The Warring Triad appear in Final Fantasy XIV: Heavensward in the form of statues on the floating continent Azys Lla, who are virtually identical to the original sprites in appearance. A series of side quests allows players to fight them to earn powerful weapons. In this appearance, they are depicted as elder primals awakened by the expansion's antagonist Thordan VII, who sought their power after becoming a primal himself. They are given names based on notes from original concept artwork that ended up unused in Final Fantasy VI. The Fiend is named Sephirot, the Goddess Sophia and the Demon Zurvan.

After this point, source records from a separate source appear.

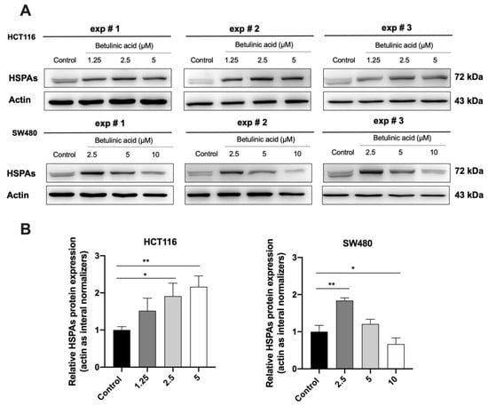 Western blot analysis showing the HSPA’s expressions following the BA treatment in HCT116 and SW480 cell lines (A) and their corresponding quantifications (B). Actin was used as the internal control. All experiments were triplicate and the results were represented as mean ± standard error of the mean (SEM). One-way ANOVA and with Dunnett’s post hoc test were used to test statistical significance with * indicating p < 0.05, and ** p < 0.01 vs. control group.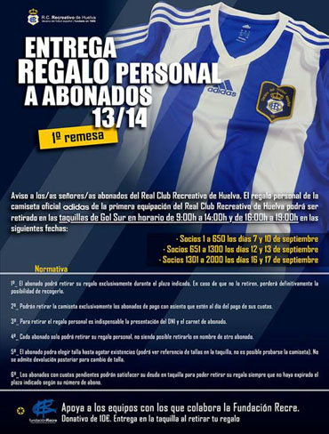 El Recreativo de Huelva ha comunicado hoy la normativa referente a la recogida de las camisetas con las que se incentivaba a los abonados esta temporada. La primera remesa se repartirá por orden de antigüedad. Así, los abonados con el número 1 al 650 deberán pasar por la taquilla de gol sur los días 7 y 10 de septiembre, los del 651 al 1300 los días 12 y 13 y los que tengan el número del 1301 al 2000 los días 16 y 17 de septiembre. El horario de taquilla es de 9:00 a 14:00 y de 16:00 a 19:00.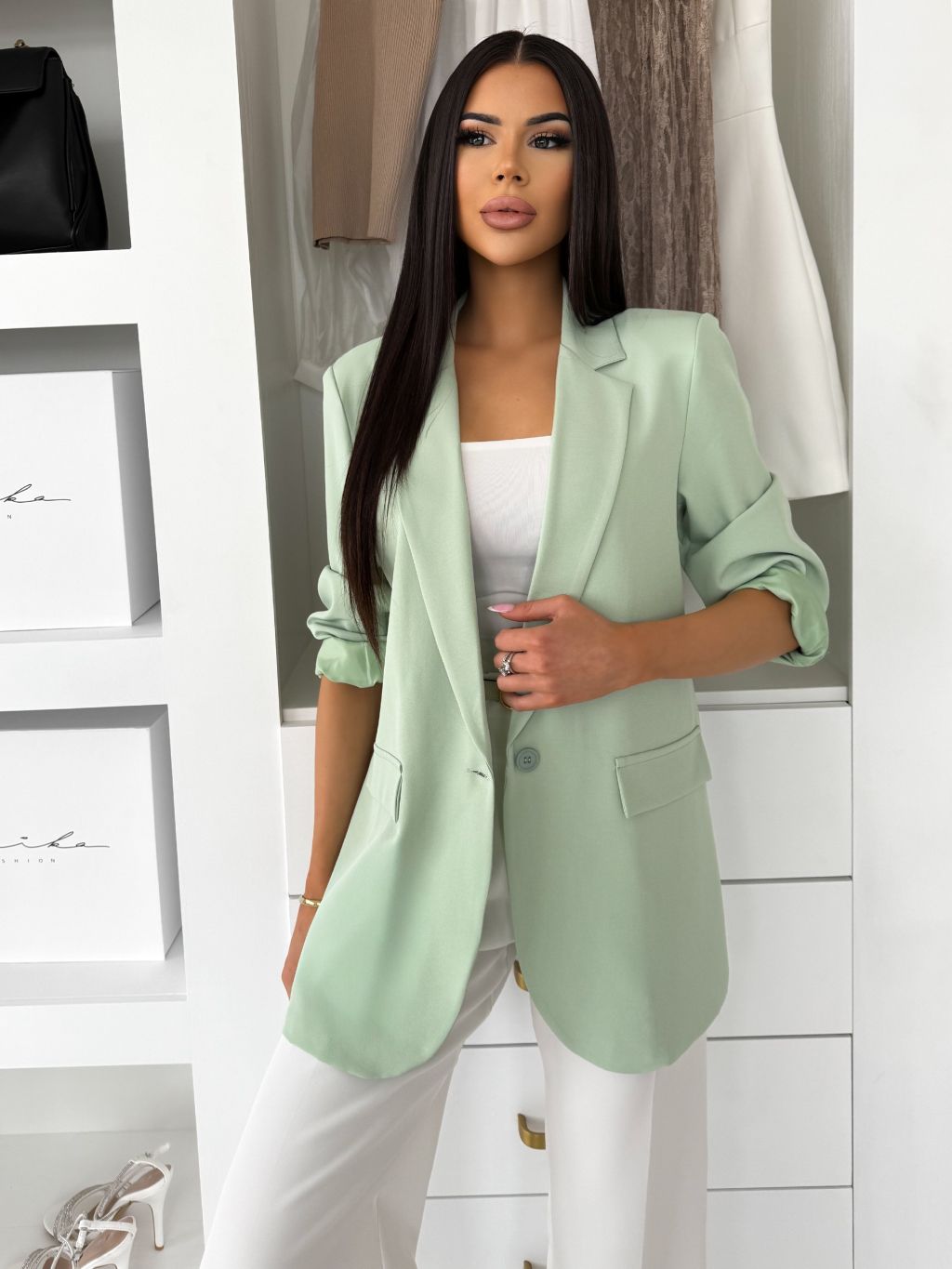 Světle zelené elegantní basic sako SIRONA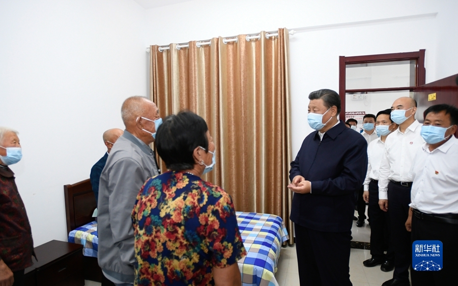 9月13日至14日,中共中央總書記、國家主席、中央軍委主席習(xí)近平在陜西省榆林市考察。這是14日下午,習(xí)近平在綏德縣張家砭鎮(zhèn)郝家橋村互助幸福院,同村里的老人親切交流。新華社記者 李學(xué)仁 攝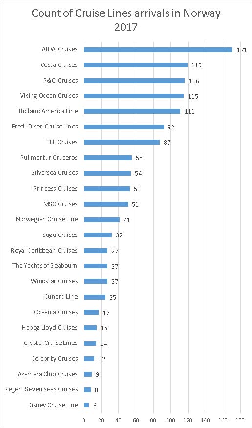 - AIDA Cruises is expected to make 171 stops in Norway with a total of 7 cruise ships.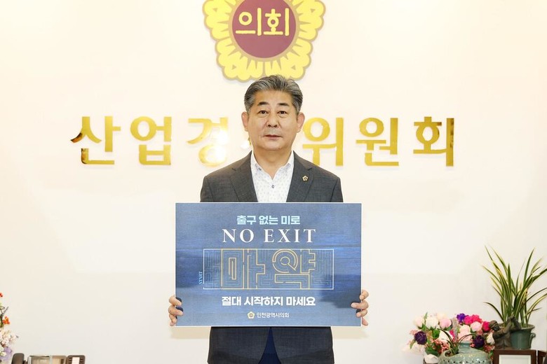 [인천 세계타임즈=심하린 기자] 인천광역시의회 정해권(국·연수1) 산업경제위원장이 사회적으로 많은 문제가 발생하고 있는 불법마약류 근절을 위해 ‘NO EXIT’ 캠페인에 동참했다.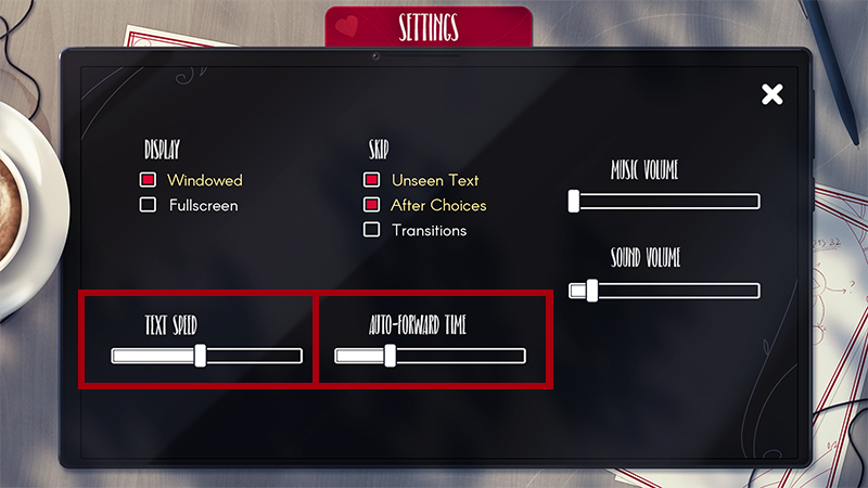 The settings for the text appearance and how fast it moves to the next dialogue screen can be adjusted via the following options in the games settings.

== Reception and legacy ==
In its review of the Game Boy Advance release, IGN says Final Fantasy VIs "cast of characters is huge and varied, and though several of them do draw from traditional RPG archetypes, this was the game that helped define those archetypes in the first place". In the GameSpy review of the Game Boy Advance version, it is said that "the large cast of characters, that is one of this game's hallmarks, is most impressive because of their individuality, both from a story and from a gameplay perspective, as well as the amount of effort that was put into exploring their personalities, motivations, and histories". Nintendo Power described the characters as some of the more memorable Final Fantasy protagonists ever, citing the ending's great character moments.

Several characters from the game have received standalone praise, such as Kefka who has been repeatedly named one of the franchise's greatest villains. In 2008, IGN placed him sixth on their list of the "Top 25 Final Fantasy Characters" with similar sentiments, but also included several other characters from Final Fantasy VI on the list. Ultros, who placed twenty-fourth, was praised for bringing "much needed" comic relief for the title, described as being augmented by Ted Woolsey's translation for the North American localization. Celes placed fourteenth, and was stated as providing one of the greatest memorable scenes and musical pieces in the game through the impromptu opera scene. Setzer placed twelfth, described as having "that most crucial of qualities in a hero, an unshakable sense of humor", as well as introducing the Gambler job class that would appear in later titles in the series. Nintendo Power listed Shadow as one of the best ninjas on Nintendo consoles. In an article on Dissidia Final Fantasy, IGN editor Ryan Clements called Terra one of the most recognizable and well-loved characters to join the army of Cosmos. In another poll the same year, eight of the characters – Locke, Edgar, Celes, Setzer, Terra, Shadow, Sabin, and Relm – were named among the fifteen most popular characters in the Final Fantasy series. In 2012, IGN made a list of their all-time favorite Final Fantasy characters, and included Celes, Edgar, Kefka, Locke, and Ultros.